It happens that a child does not latch on to the breast due to anatomical features. The short frenulum itself rarely prevents the baby from sucking. But in combination with a flat or inverted nipple in the mother or with supplementary feeding from a bottle, it may well be the cause.

A cleft palate prevents a child from creating a vacuum. Sometimes this feature is difficult to notice (unlike a cleft lip) if the palate is not completely cleft, in the depths of the mouth. Fortunately, this is very rare.

An inverted nipple is difficult to hold in the mouth. There are difficult cases when the nipple, when pressed on the areola, “hides” in it completely. Even if the baby has a movable tongue and the frenulum is normal, it will be very difficult for him to latch onto such a breast. Perhaps he will be able to do this only when he grows up a little.

A flat nipple that hardly protrudes above the areola is actually not that big of a problem for your baby if he is not familiar with the bottle. However, swelling of the areola during breast fullness may prevent the baby from latching.

In my practice, I often encounter children who do not breastfeed after a difficult birth or numerous interventions in their process. They have spasms of the structures of the skull involved in sucking, or the upper spine. Such children can be distinguished by external signs: cephalohematoma, asymmetry of the face or skull, burst blood vessels in the eyes, “stork kisses” - red spots on the skin, a head sunk into the shoulders. These are traces that in most cases are left behind by attempts to speed up the birth of a baby: the introduction of artificial oxytocin, puncture of the bladder, pressure on the abdomen. The baby's long periods of pushing, entanglements, incorrect presentation of the fetus and other unfavorable features can also be the cause.

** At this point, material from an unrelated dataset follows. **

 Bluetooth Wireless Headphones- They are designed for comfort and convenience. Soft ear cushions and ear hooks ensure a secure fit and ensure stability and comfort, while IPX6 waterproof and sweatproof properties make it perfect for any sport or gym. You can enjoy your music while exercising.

Often, children who had a particularly difficult time during childbirth latch onto the breast in the first 1–3 days, but do not cope well with emptying it. Then the milk comes in, the breasts become full, the areola swells, and they stop sucking altogether.

Immaturity and low weight of the child are often an obstacle to breastfeeding. Everything here is very individual. Some can breastfeed at 32–34 weeks, weighing only 1.5 kg. Others cannot latch on until they reach 40 weeks gestational age (that is, 40 weeks from conception) and gain 2.5-3 kg.

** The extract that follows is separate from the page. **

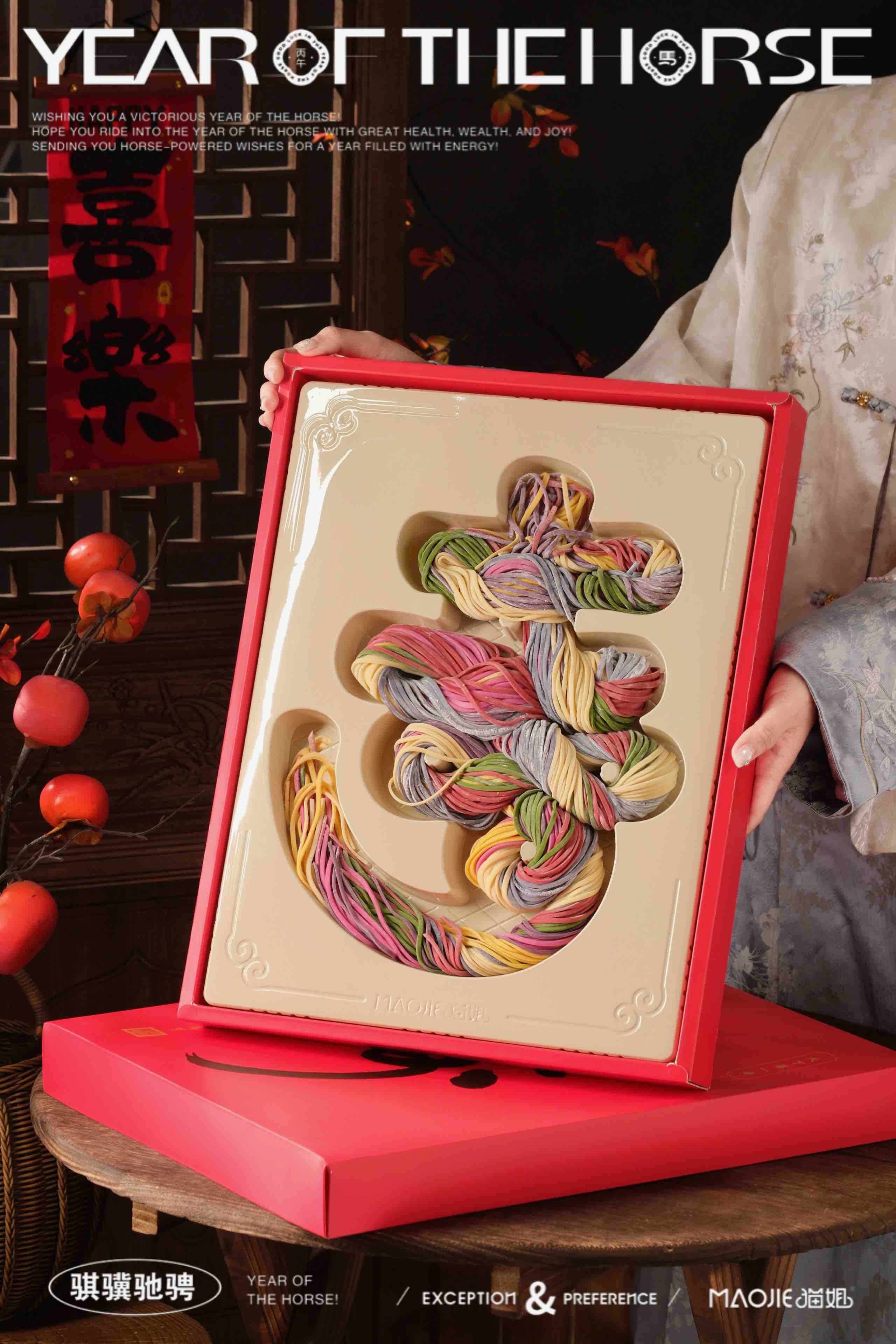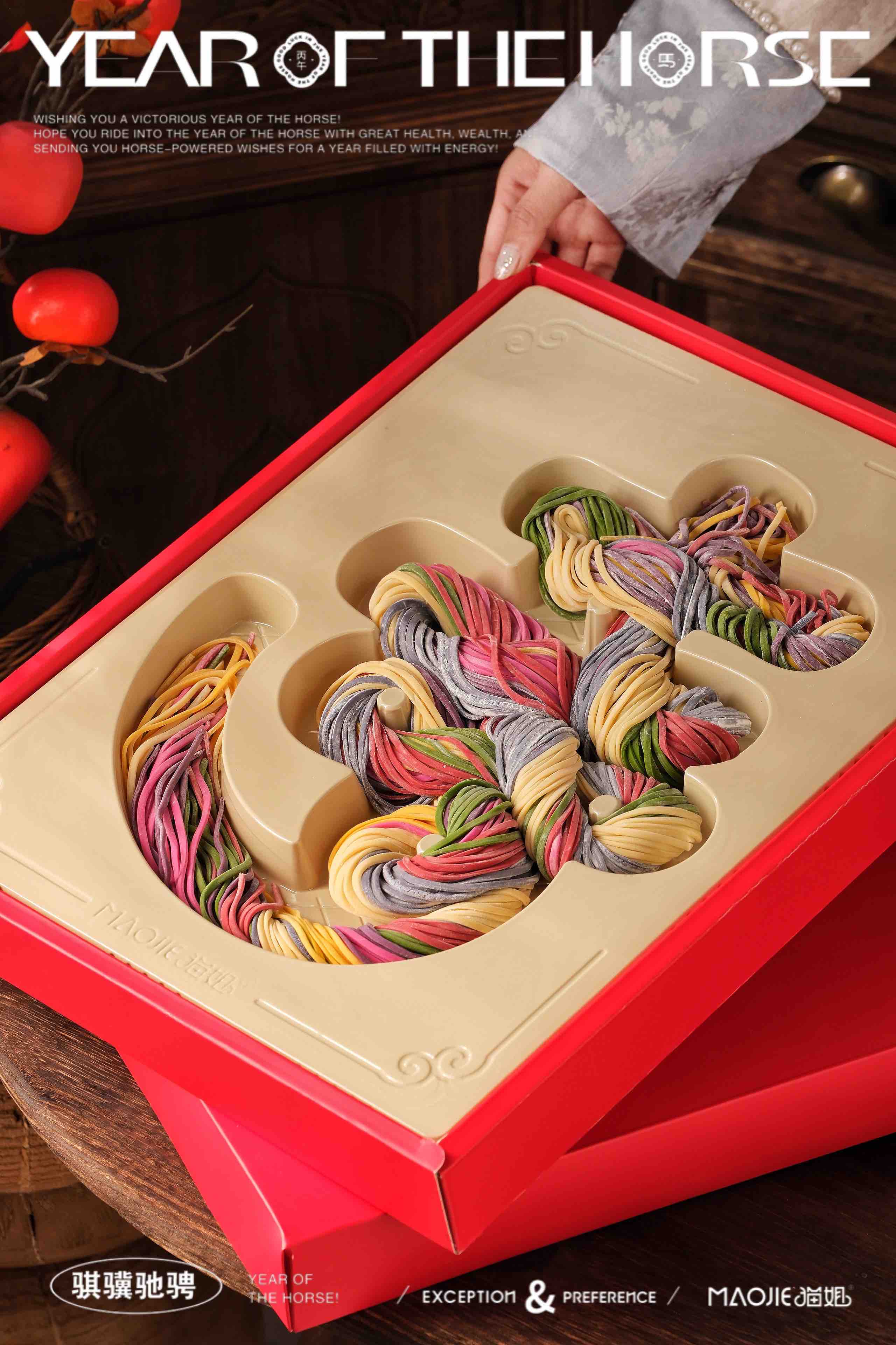 🍜菠菜面、红曲粉面、蝶豆花面,红心火龙果面、紫薯面、南瓜面,鸡蛋面,七种天然果蔬组成了乾隆皇帝的天下第一寿字,净重900g

Physical reasons for breast refusal

Incorrect attachment to the breast

Reason . The baby does not latch onto the areola, but only sucks on the nipple—no milk comes in, and the baby becomes upset.

Treatment.

  1. hold the child in your arms until he calms down;
  2. lubricate the nipple and areola with milk, lightly squeeze the areola with your fingers to make it easier for the child to grab it, offer it to the baby;
  3. Make sure that the baby does not “slide” towards the nipple.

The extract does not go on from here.